YOUR OBJECTIVE.
Before printing the listing, strip out its pictures and keep everything else exact.

DATASET EXTRACT.

────────────────────────────────────────

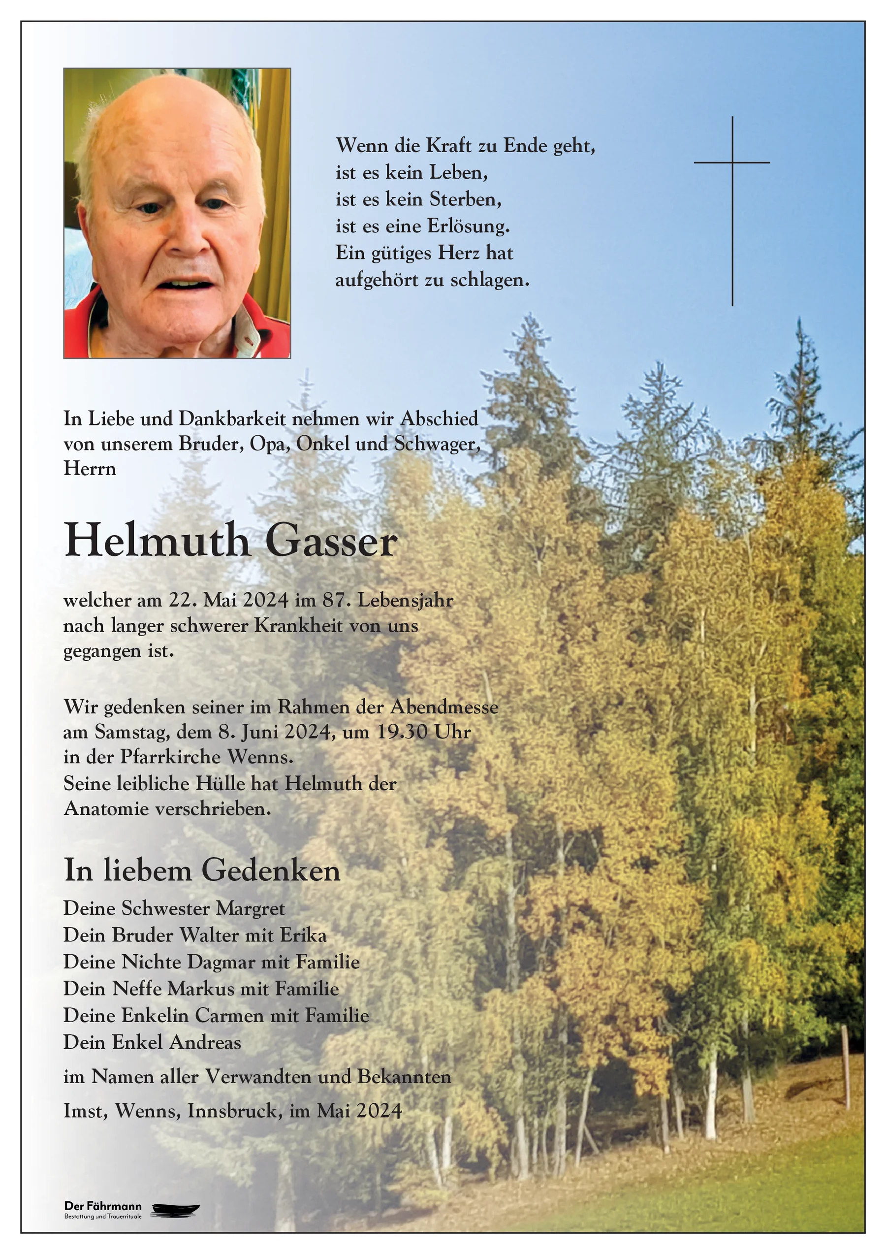 Helmuth Gasser 13.05.1937 22.05.2024 Wenns Messe, Pfarrkirche Wenns 08.06.2024, 19:30 Uhr Route Parte Sterbebild Gedenkkerzen Kondolenzen Parte downloaden Sterbebild downloaden Gedenkkerzen für Helmuth Gasser 76 Einträge Kerze anzünden Das ewige Licht leuchte dir ? Ilse Ruhe in Frieden Ein Kerzlein für Dich Fam. Sieglinde und Josef Holzknecht Paul und Monika Schöpf Arzl Helma mit Bernhard und Christian Helma Prantl Ruhe in Frieden Elias und Aaron In Stillen Gedenken Markus und Anita Fischer Simone & René mit Yvonne, Nico Gundolf Maria, Richard Conny Ehrhart mit Familie Elfriede Schöpf mit Familie Ruhe in Frieden! Roswitha Santer Wien RIP! Marlies & Hermann Reinstadler mit Familie Ruhe in Frieden! Berni Larcher mit Familie Renate Larcher Harpf Christine Harpf Christine Erwin und Evi Hafele Ein Kerzlein für Dich Fam.Pechtl Hanni Wir sind nur Gast auf Erden Ruhe in Frieden Werner und Manuela Fam. Stefan und Sieglinde Donner aufrichtige Anteilnahme! Fam.Eiter Gerda Ramona Hofer Familie Hans und Lisbeth Wille Ruhe in Frieden! Manfred Mathoi Fam.Bernhard Eiter Bichl Ruhe in Frieden Alois Partl Eggmahd Fam. Melmer Angelika Heinz & Elisabeth lanbach Ruhe in Frieden Hubert und Klara Hirlanda Praxmarer Fam.Gundolf Maria Eggmahd Ruhe in Frieden!Weber Hubert mit Familie Weber Petra und Mathias mit Familie Harpf Christl Ehem.Nachbarin Reingard m.Fam. Franz und Birgit Gabl Ursula, Magnus und Emil Ludwig und Ingrid Ruhe in Frieden Ilse & Charly Beate und Carly Duller Petra Werner Tiefenbrunner Annabell&Tommy Fringer Andreas u. Renate Deutschmann Fam. Sibylle und Wolfgang Auer Hob's fein im Himmel ?⭐️....Ilse Karbon Fam.Mario und Priska Gundolf Klaudia und Ewald Sturm Deine Enkelin Carmen??? Fam.Karl und Irmgard Kathrein Fam. Cordula Raggl Ruhe in Frieden! Fam. Walter Hammerle Fam. Raimund&Claudia Pfefferle Ruhe in Frieden! Hans und Marlene A.u.E.Helbock R.I.P. Familie Karin und Manfred Stoll Erwin und Anni Winkler Aufrichtige Anteilnahme entbietet Schweigl Anja Aufrichtige Anteilnahme entbietet Schweigl Anja Marina mit Familie Gundolf Günter Ruhe in Frieden-Erika Karbon Wassermann Maria Ruhe in Frieden Fam.Olga und Hansi Leitner Ruhe in Frieden Familie Elisabeth und Franz Eiter Lukas mit Mona Dein Bruder Walter mit Erika Dagmar und Florian Ruhe in Frieden Dagmar und Florian Ruhe in Frieden deine Schwester Margret Ruhe in Frieden Eine Kerze für Helmuth Gasser Ihr Name* Ihre Nachricht oder Name* E-Mail-Adresse* Mit dem Klicken auf "Kerze anzünden" erklären Sie sich mit unseren Datenschutzbestimmungen einverstanden. Kondolenzbuch für Helmuth Gasser 0 Einträge Kondolenz verfassen Ihr Abschiedsgruß an Helmuth Gasser Ihr Name* E-Mail-Adresse* Ihre Nachricht* Mit dem Klicken auf "Gruß absenden" erklären Sie sich mit unseren Datenschutzbestimmungen einverstanden. Helmuth Gasser 13.05.1937 – 22.05.2024 Parte Sterbebild Gedenkkerzen Kondolenzen Kerze anzünden Kondolenz verfassen
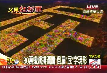 隨著天色漸暗,紅衫軍人潮聚集越來(lái)越多之時(shí),大約6點(diǎn)左右,這個(gè)以30萬(wàn)只紅色蠟燭排成的神秘圖騰終于揭曉,原來(lái)是一個(gè)“屁”字!而今夜倒扁口號(hào),也從“阿扁下臺(tái)”變成“阿扁放屁”,來(lái)諷刺阿扁的言行,都是假話(huà)。
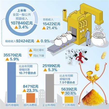 上半年,全國一般公共預(yù)算收入107846億元,同比增長(zhǎng)3.4%。其中,全國稅收收入92424億元,同比增長(zhǎng)0.9%。

────────────────────────────────────────

ANSWER SECTION.
 Helmuth Gasser 13.05.1937 22.05.2024 Wenns Messe, Pfarrkirche Wenns 08.06.2024, 19:30 Uhr Route Parte Sterbebild Gedenkkerzen Kondolenzen Parte downloaden Sterbebild downloaden Gedenkkerzen für Helmuth Gasser 76 Einträge Kerze anzünden Das ewige Licht leuchte dir ? Ilse Ruhe in Frieden Ein Kerzlein für Dich Fam. Sieglinde und Josef Holzknecht Paul und Monika Schöpf Arzl Helma mit Bernhard und Christian Helma Prantl Ruhe in Frieden Elias und Aaron In Stillen Gedenken Markus und Anita Fischer Simone & René mit Yvonne, Nico Gundolf Maria, Richard Conny Ehrhart mit Familie Elfriede Schöpf mit Familie Ruhe in Frieden! Roswitha Santer Wien RIP! Marlies & Hermann Reinstadler mit Familie Ruhe in Frieden! Berni Larcher mit Familie Renate Larcher Harpf Christine Harpf Christine Erwin und Evi Hafele Ein Kerzlein für Dich Fam.Pechtl Hanni Wir sind nur Gast auf Erden Ruhe in Frieden Werner und Manuela Fam. Stefan und Sieglinde Donner aufrichtige Anteilnahme! Fam.Eiter Gerda Ramona Hofer Familie Hans und Lisbeth Wille Ruhe in Frieden! Manfred Mathoi Fam.Bernhard Eiter Bichl Ruhe in Frieden Alois Partl Eggmahd Fam. Melmer Angelika Heinz & Elisabeth lanbach Ruhe in Frieden Hubert und Klara Hirlanda Praxmarer Fam.Gundolf Maria Eggmahd Ruhe in Frieden!Weber Hubert mit Familie Weber Petra und Mathias mit Familie Harpf Christl Ehem.Nachbarin Reingard m.Fam. Franz und Birgit Gabl Ursula, Magnus und Emil Ludwig und Ingrid Ruhe in Frieden Ilse & Charly Beate und Carly Duller Petra Werner Tiefenbrunner Annabell&Tommy Fringer Andreas u. Renate Deutschmann Fam. Sibylle und Wolfgang Auer Hob's fein im Himmel ?⭐️....Ilse Karbon Fam.Mario und Priska Gundolf Klaudia und Ewald Sturm Deine Enkelin Carmen??? Fam.Karl und Irmgard Kathrein Fam. Cordula Raggl Ruhe in Frieden! Fam. Walter Hammerle Fam. Raimund&Claudia Pfefferle Ruhe in Frieden! Hans und Marlene A.u.E.Helbock R.I.P. Familie Karin und Manfred Stoll Erwin und Anni Winkler Aufrichtige Anteilnahme entbietet Schweigl Anja Aufrichtige Anteilnahme entbietet Schweigl Anja Marina mit Familie Gundolf Günter Ruhe in Frieden-Erika Karbon Wassermann Maria Ruhe in Frieden Fam.Olga und Hansi Leitner Ruhe in Frieden Familie Elisabeth und Franz Eiter Lukas mit Mona Dein Bruder Walter mit Erika Dagmar und Florian Ruhe in Frieden Dagmar und Florian Ruhe in Frieden deine Schwester Margret Ruhe in Frieden Eine Kerze für Helmuth Gasser Ihr Name* Ihre Nachricht oder Name* E-Mail-Adresse* Mit dem Klicken auf "Kerze anzünden" erklären Sie sich mit unseren Datenschutzbestimmungen einverstanden. Kondolenzbuch für Helmuth Gasser 0 Einträge Kondolenz verfassen Ihr Abschiedsgruß an Helmuth Gasser Ihr Name* E-Mail-Adresse* Ihre Nachricht* Mit dem Klicken auf "Gruß absenden" erklären Sie sich mit unseren Datenschutzbestimmungen einverstanden. Helmuth Gasser 13.05.1937 – 22.05.2024 Parte Sterbebild Gedenkkerzen Kondolenzen Kerze anzünden Kondolenz verfassen
 隨著天色漸暗,紅衫軍人潮聚集越來(lái)越多之時(shí),大約6點(diǎn)左右,這個(gè)以30萬(wàn)只紅色蠟燭排成的神秘圖騰終于揭曉,原來(lái)是一個(gè)“屁”字!而今夜倒扁口號(hào),也從“阿扁下臺(tái)”變成“阿扁放屁”,來(lái)諷刺阿扁的言行,都是假話(huà)。
 上半年,全國一般公共預(yù)算收入107846億元,同比增長(zhǎng)3.4%。其中,全國稅收收入92424億元,同比增長(zhǎng)0.9%。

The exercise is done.